■ **Information supplied**

####################

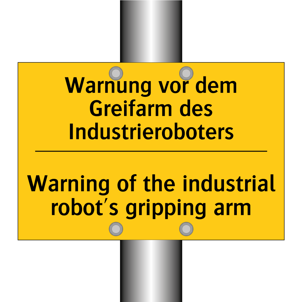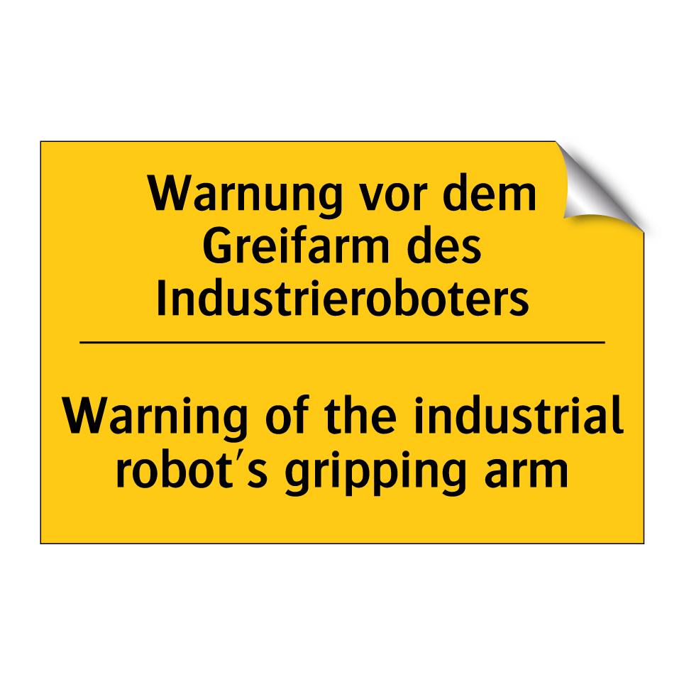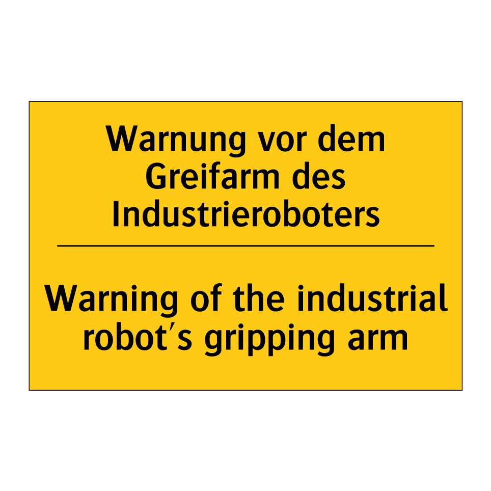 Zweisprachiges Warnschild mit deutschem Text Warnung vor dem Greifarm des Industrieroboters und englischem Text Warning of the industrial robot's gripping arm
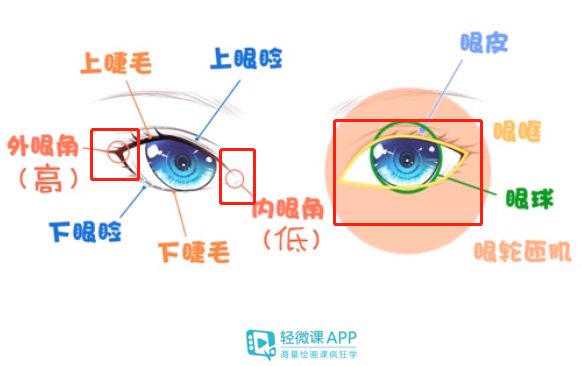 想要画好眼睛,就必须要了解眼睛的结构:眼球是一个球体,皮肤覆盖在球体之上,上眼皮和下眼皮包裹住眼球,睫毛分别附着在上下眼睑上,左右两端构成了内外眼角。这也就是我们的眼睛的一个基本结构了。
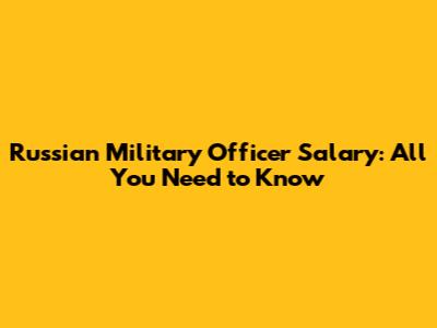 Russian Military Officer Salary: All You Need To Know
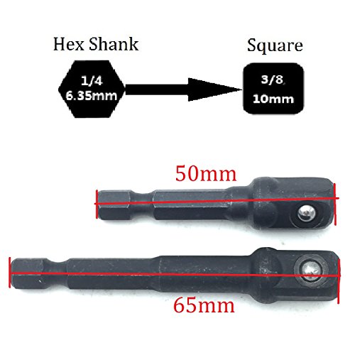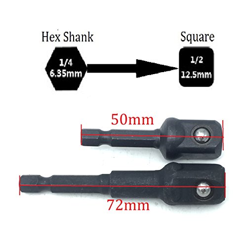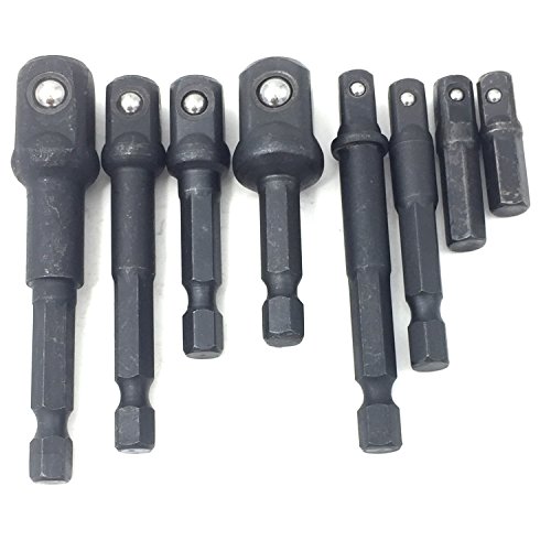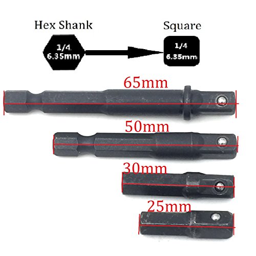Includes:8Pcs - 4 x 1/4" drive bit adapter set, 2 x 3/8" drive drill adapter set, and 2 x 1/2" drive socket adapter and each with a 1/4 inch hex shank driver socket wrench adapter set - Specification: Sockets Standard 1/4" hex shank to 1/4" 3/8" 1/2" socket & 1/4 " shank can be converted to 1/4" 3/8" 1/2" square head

####################

■ **Assigned task**
Write out again exactly the lines from the start of the data above through the line containing "想要画好眼睛,就必须要了解眼", inclusive, excluding any pictures.

■ **Exercise solution**
 Zweisprachiges Warnschild mit deutschem Text Warnung vor dem Greifarm des Industrieroboters und englischem Text Warning of the industrial robot's gripping arm
 想要画好眼睛,就必须要了解眼睛的结构:眼球是一个球体,皮肤覆盖在球体之上,上眼皮和下眼皮包裹住眼球,睫毛分别附着在上下眼睑上,左右两端构成了内外眼角。这也就是我们的眼睛的一个基本结构了。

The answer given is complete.